Mirth Connect Message Replay and Dead Letter Queues: Handling Failed Messages in Production

March 20, 2026

13 min read

InteroperabilityDevOpsHealthcare

Every Mirth Connect deployment in production encounters failed messages. Whether a downstream EHR goes offline for maintenance, a lab instrument sends a malformed HL7 message, or a JavaScript transformer throws an exception on an unexpected segment, message failures are not a question of if but when. The difference between a well-run integration engine and a liability comes down to one thing: how your team handles those failures.

In healthcare, the stakes are uniquely high. A lost ADT message means an inaccurate patient census. A dropped ORM means a medication order never reaches pharmacy. A missing ORU means a clinician never sees a critical lab result. According to HIPAA Journal, organizations must retain compliance documentation for a minimum of six years, and message audit trails fall squarely within that requirement.

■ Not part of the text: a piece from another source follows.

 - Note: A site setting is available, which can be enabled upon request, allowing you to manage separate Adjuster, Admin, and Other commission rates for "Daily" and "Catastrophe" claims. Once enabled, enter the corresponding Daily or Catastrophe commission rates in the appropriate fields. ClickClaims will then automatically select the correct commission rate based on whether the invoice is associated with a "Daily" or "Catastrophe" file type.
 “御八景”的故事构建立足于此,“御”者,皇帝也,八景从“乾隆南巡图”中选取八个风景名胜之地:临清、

This guide covers a production-grade approach to dead letter queues (DLQs), automated retry with exponential backoff, manual replay workflows, alerting, root cause categorization, compliance safeguards, and message archival strategies for Mirth Connect. Every pattern described here has been proven in high-volume healthcare integration environments processing millions of HL7 messages daily.

Mirth Connect message lifecycle with dead letter queue flow diagram showing normal processing path and error handling with retry and DLQ

Why Messages Fail in Production

Before designing a DLQ strategy, you need to understand the failure landscape. In our experience across dozens of production Mirth deployments, message failures fall into six categories with remarkably consistent distribution:

Downstream System Unavailable (60% of failures) — The single largest cause. EHR systems go down for patches, PACS servers restart during storage maintenance, and pharmacy systems experience database locks during nightly backups. These are transient failures that resolve on their own, and a well-designed retry strategy handles the vast majority automatically.

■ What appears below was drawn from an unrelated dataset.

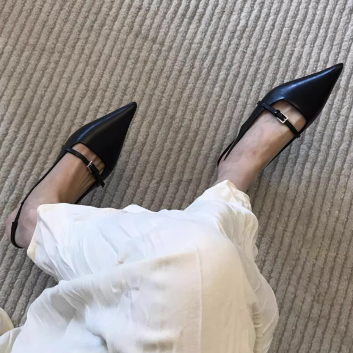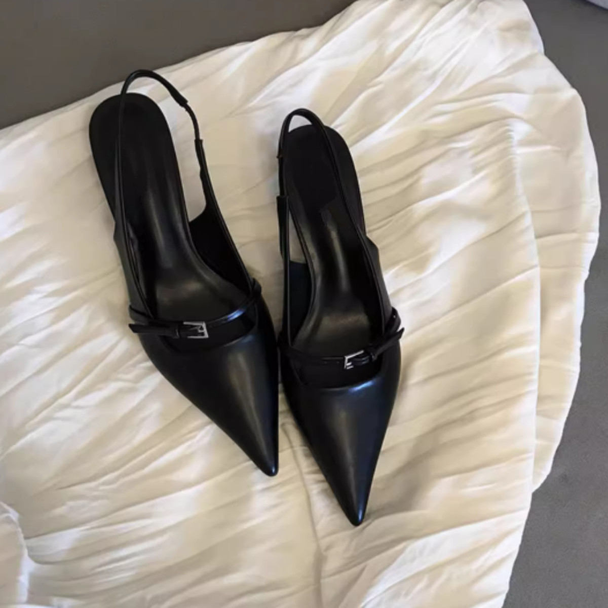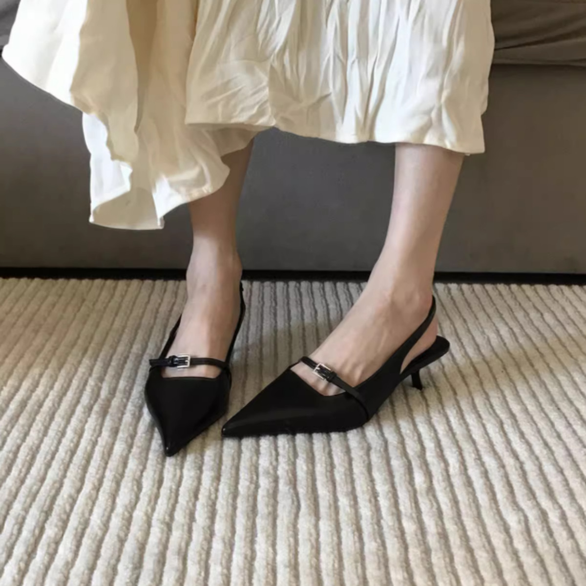 론데즈 버클 키튼힐 슬링백 뾰족구두 스틸레토 힐

HL7 Parsing Errors (15%) — Malformed messages from source systems cause parsing failures in Mirth's transformer. Common culprits include missing MSH segment terminators, non-standard delimiters (a lab instrument sending | where MSH-1 declares ^), embedded carriage returns within OBX-5 observation values, and encoding mismatches where a system sends Windows-1252 characters in a stream declared as UTF-8.

Validation Failures (10%) — Messages that parse correctly but fail business validation rules: a PID segment missing a required Medical Record Number, an ORC without an ordering provider, or a PV1 with an invalid patient class code. These indicate data quality issues at the source and typically require human intervention.

Transformation Errors (8%) — JavaScript exceptions in Mirth channel transformers. A common pattern is code that accesses msg['PID']['PID.3']['PID.3.1'].toString() without null-checking, throwing a TypeError when a message lacks PID-3. Code template changes deployed without testing against the full range of production message variants are another frequent cause.

Authentication Failures (5%) — Expired credentials, rotated API keys, revoked certificates, or OAuth token timeouts on REST API destinations. Common in environments using HTTPS with certificate-based auth.

Unknown/Intermittent (2%) — Sporadic JVM issues, database connection pool exhaustion, or transient network blips that cannot be deterministically categorized.

Pie chart showing root cause distribution of message failures in production Mirth Connect deployments

Designing a Dead Letter Queue Channel

A dead letter queue in Mirth Connect is not a built-in feature with a toggle switch. It is an architectural pattern implemented as a dedicated channel (or set of channels) that captures messages that have exhausted all retry attempts. The DLQ pattern gives your operations team a centralized place to review, diagnose, and replay failed messages without losing a single one.

DLQ Channel Architecture

The pattern consists of three channels working together. First, your Main Processing Channel receives HL7 messages (via TCP/MLLP listener, file reader, or HTTP listener), transforms them, and sends them to the destination. On error, instead of simply logging and moving on, it writes the failed message to the DLQ channel. Second, the DLQ Holding Channel uses a Channel Writer source that receives failed messages along with metadata: original channel ID, error message, retry count, and timestamp. Messages sit here awaiting either automated retry or manual review. Third, the DLQ Processor Channel runs on a polling timer, attempts retries with exponential backoff, and permanently stores messages that exceed the maximum retry count.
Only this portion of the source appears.